- Born: Ted Landrum November 23, 1987 Phoenix, Arizona, U.S.
- Died: January 30, 2023 (aged 35) Hartshorn, Missouri, U.S.
- Cause of death: Suicide by gunshot
- Known for: White nationalism
- Children: 5

= Teddy Joseph Von Nukem =

American white nationalist (1987–2023)

Teddy Joseph Von Nukem (born Ted Landrum, November 23, 1987 – January 30, 2023) was an American white nationalist and far-right activist noted for his role at the 2017 Unite the Right rally in Charlottesville, Virginia.

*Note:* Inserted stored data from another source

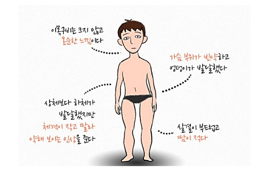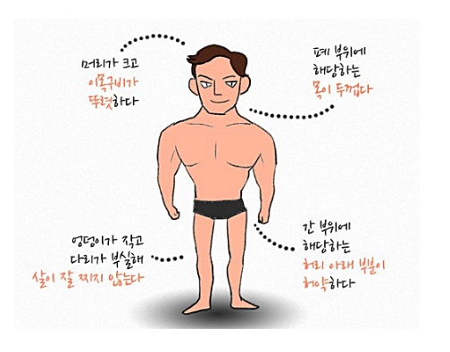 - 어깨가 발달했고 허리 부위는 약한 편임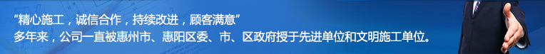 惠州市東江建筑安裝工程有限公司始建于1983年,于2010年改制成為股份制企業(yè),具有37年建安施工歷程。具有房屋建筑工程施工總承包一級(jí)、市政公用工程施工總承包二級(jí)、建筑裝修裝飾工程專(zhuān)業(yè)承包二級(jí)、電子與智能化工程專(zhuān)業(yè)承包二級(jí)、古建筑工程專(zhuān)業(yè)承包三級(jí)、建筑機(jī)電安裝工程專(zhuān)業(yè)承包三級(jí)、城市園林綠化工程施工二級(jí),并通過(guò)ISO9002國(guó)際質(zhì)量體系認(rèn)證。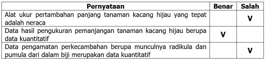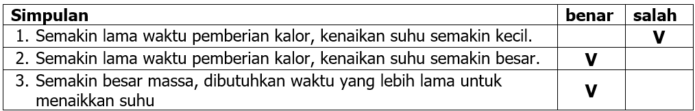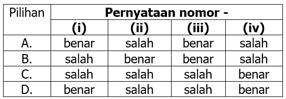 Berdasarkan tabel tersebut, simpulan yang benar dan salah adalah ….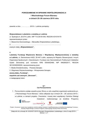 POROZUMIENIE W SPRAWIE WSPÓŁORGANIZACJI I Wschodniego Forum Biznesu w dniach 25–26 czerwca 2015 roku zawarte w dniu …………… 2015 r. Lublinie pomiędzy: Województwem Lubelskim z siedzibą w Lublinie ul. Spokojna 4, 20-074 Lublin, NIP 712-29-04-545, REGON 431019170 reprezentowanym przez: 1. Sławomira Sosnowskiego – Marszałka Województwa Lubelskiego, 2. …………………………………………………………………………….., zwanym dalej „Województwem”, a Lubelską Fundacją Wspierania Biznesu i Współpracy Międzynarodowej z siedzibą w Lublinie, ul. Diamentowa 4/422, 20-447 Lublin, wpisaną do Rejestru Stowarzyszeń, Innych Organizacji Społecznych i Zawodowych, Fundacji oraz Samodzielnych Publicznych Zakładów Opieki Zdrowotnej pod numerem KRS 0000552466, NIP 9462652517, REGON 36132308300000, reprezentowaną przez: 1. Beata Drewienkowską - Prezesa Zarządu 2. Zbigniewa Wojciechowskiego - Wiceprezesa Zarządu, zwaną dalej „Fundacją”, wspólnie zaś zwanymi „Stronami”, o następującej treści: §1 Cel Porozumienia 1. Porozumienie zostaje zawarte przez Strony w celu wspólnej organizacji wydarzenia pn. „I Wschodniego Forum Biznesu”, które odbędzie się w dniach 25 – 26 czerwca 2015 r. w Lublinie, w ramach projektu „Tworzenie i rozwój sieci współpracy Centrów Obsługi Inwestora”, realizowanego ze środków Programu Projekt „Tworzenie i rozwój sieci współpracy centrów obsługi inwestora” współfinansowany ze środków Europejskiego Funduszu Rozwoju Regionalnego w ramach Programu Operacyjnego Rozwój Polski Wschodniej Załącznik do uchwały Nr XXXII/571/2015 Zarządu Województwa Lubelskiego z dnia 5 maja 2015 r. Strona 1 z 7 Operacyjnego Rozwój Polski Wschodniej na lata 2007-2013, zwanego w dalszej Porozumienia jako „Forum”. 2. Pomysłodawcą wydarzenia, o którym mowa w ust. 1, będącym jednocześnie autorem jego scenariusza, jest Fundacja. 3. Strony zobowiązują się do współdziałania i realizacji zadań określonych niniejszym Porozumieniem. §2 Obowiązki Stron 1. W ramach współorganizacji Województwo zobowiązuje się do: a) wynajmu powierzchni sali konferencyjnej w dniach 24-25 czerwca 2015 roku umożliwiające przygotowanie i organizację Forum (sale – 1 sala na min. 350/400 osób oraz dodatkowo 1 sala na ok. 150 osób). Sale muszą być zlokalizowane w jednym miejscu, b) zapewnienia cateringu, tj. podczas przerw kawowych (kawa, herbata, woda, ciastka) oraz lunchu (zupa, 3 ciepłe dania do wyboru, deser, napoje – kawa, herbata, woda, soki), jak również zapewnienia profesjonalnej obsługi kelnerskiej oraz technicznej, c) umożliwienia Fundacji dostępu do miejsca odbywania się Forum w dniu 25 września w celu realizacji zadań przez Fundację, d) zapewnienia sprzętu multimedialnego (nagłośnienie, ekrany, nagranie dźwięku – w każdej sali zostaną zapewnione: ekrany projekcyjne, projektory, monitory, system podglądu prezentacji, laptopy, nagłośnienie obsługa techniczna), e) zapewnienia tłumaczenia symultanicznego podczas obrad (1 dzień konferencyjny, bez spotkania networkingowego), wynajęcia tłumaczy oraz zlecenia tłumaczenia materiałów konferencyjnych. Zakłada się, że obrady będą prowadzone w języku polskim, angielskim i rosyjskim, f) zapewnienia wyposażenia technicznego, m.in. stołów, krzeseł, sceny, foteli, światła oraz nagłośnienia niezbędnego do realizacji wydarzeń w dniu 25 czerwca 2015 roku, g) organizacji strefy VIP, h) zakwaterowania, tj. 50 pokoi dla gości VIP oraz transportu gości VIP (z/do miejsca zakwaterowania do/z miejsca organizacji Forum), i) organizacji min. 30 stoisk dla uczestników Forum, j) zrealizowania działań promujących Forum, z zastrzeżeniem ust. 2 lit. g, k) zapewnienia i opłacenia 3 prelegentów, w tym uznanych w Polsce i Europie autorytetów z dziedziny ekonomii, z zastrzeżeniem ust. 2 lit. c oraz 2 moderatorów, l) organizacji relacji wideo z Forum oraz wykonania profesjonalnych zdjęć ze spotkania (relacja fotograficzna), Projekt „Tworzenie i rozwój sieci współpracy centrów obsługi inwestora” współfinansowany ze środków Europejskiego Funduszu Rozwoju Regionalnego w ramach Programu Operacyjnego Rozwój Polski Wschodniej Załącznik do uchwały Nr XXXII/571/2015 Zarządu Województwa Lubelskiego z dnia 5 maja 2015 r. Strona 2 z 7 m) przygotowania upominków dla gości VIP, n) organizacji wieczornego spotkania networkingowego, w tym zapewnienia miejsca, programu, kolacji oraz zabezpieczenia technicznego spotkania, o) oraz inne niezbędne zadania do realizacji I–go dnia Forum, tj. 25 czerwca 2015 roku. 2. W ramach współorganizacji Fundacja zobowiązuje się do: a) zapewnienia wymaganej liczby uczestników - minimum 400 osób, w tym min. 100 gości spoza województwa lubelskiego, b) zapewnienia udziału przedstawicieli głównych instytucji związanych z rozwojem gospodarczym i współpracą ze Wschodem (Ministerstwo Gospodarki, Ministerstwo Spraw Zagranicznych, Ministerstwo Infrastruktury i Rozwoju), a także przedstawicieli z następujących krajów: Białoruś, Ukraina, Gruzja, Mołdawia, Kazachstan, Uzbekistan, Angola, Włochy oraz - w przypadku, gdy którakolwiek z przedstawicieli instytucji związanych z rozwojem gospodarczym i współpracą ze Wschodem nie będzie mogła uczestniczyć w Forum z przyczyn nie leżących po stronie Fundacji - zapewnienie na jej miejsce udziału innej osoby, w tym przedstawiciela innego kraju, c) zapewnienia i opłacenia min. 3 prelegentów do każdego panelu, w tym uznanych w Polsce i Europie autorytetów w dziedzinie ekonomii, z zastrzeżeniem ust. 1 lit. k, d) zapewnienia Patronatów Honorowych nad Forum, e) zapewnienia województwa udziału przedstawicieli lubelskiego oraz przedsiębiorstw przedsiębiorstw działających zagranicznych na terenie potencjalnie zainteresowanych podjęciem inwestycji na terenie Polski Wschodniej (minimum 65 reprezentantów przedsięb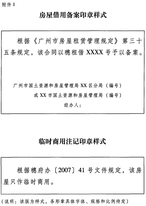 3.出借房屋给他人作生产经营场所使用的,借用双方应到国土房管部门或其委托的街(镇)出租屋管理服务中心办理借用合同备案手续,由受理单位在借用合同上加盖“根据《广州市房屋租赁管理规定》第三十五条规定,该合同以穗租借XXXX号予以备案”的印章,并作“根据穗府办[2007]41号文件规定,该房屋只作临时商用”注记(见附件1);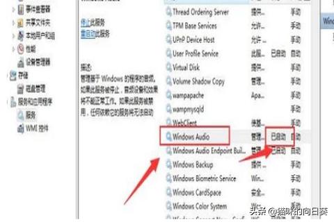 4.在右侧找到【Windows audio】,并且启动它即可。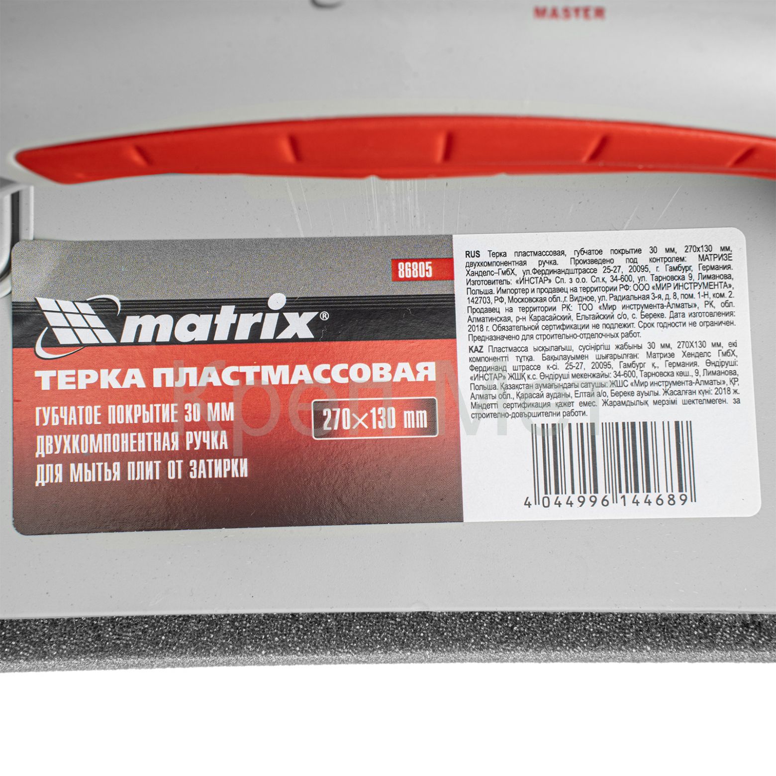- Терка пластмассовая, губчатое покрытие 30 мм, 270 x 130 мм, двухкомпонентная ручка Matrix

In March 2021, Von Nukem admitted to attempted drug smuggling after being arrested at the Mexico–United States border. He failed to show up for a January 30, 2023, court appearance in Arizona, and died from a self-inflicted gunshot injury the same day.

== Early life ==
Nukem was born Ted Landrum on November 23, 1987, in Phoenix, Arizona. He was of German heritage and attended middle school in Lebanon, Missouri. One of his former classmates remembered him as a "smart 'token goth kid' and 'highly intelligent' history buff with an unsettling interest in Nazi Germany".

== Adult life ==
Von Nukem was a far-right extremist and a white nationalist who changed his name to that of video-game character Duke Nukem in 2012. A photograph of him holding a tiki torch at the Unite the Right rally became the image that was most commonly used to represent the 2017 right-wing protest in Charlottesville, Virginia. In the photograph he stands next to a screaming man who was later identified as University of Nevada student Peter Cvjetanovic. Journalist Molly Conger identified Von Nukem as part of a mob that assaulted DeAndre Harris, a Black counter-protester, at the Charlottesville event.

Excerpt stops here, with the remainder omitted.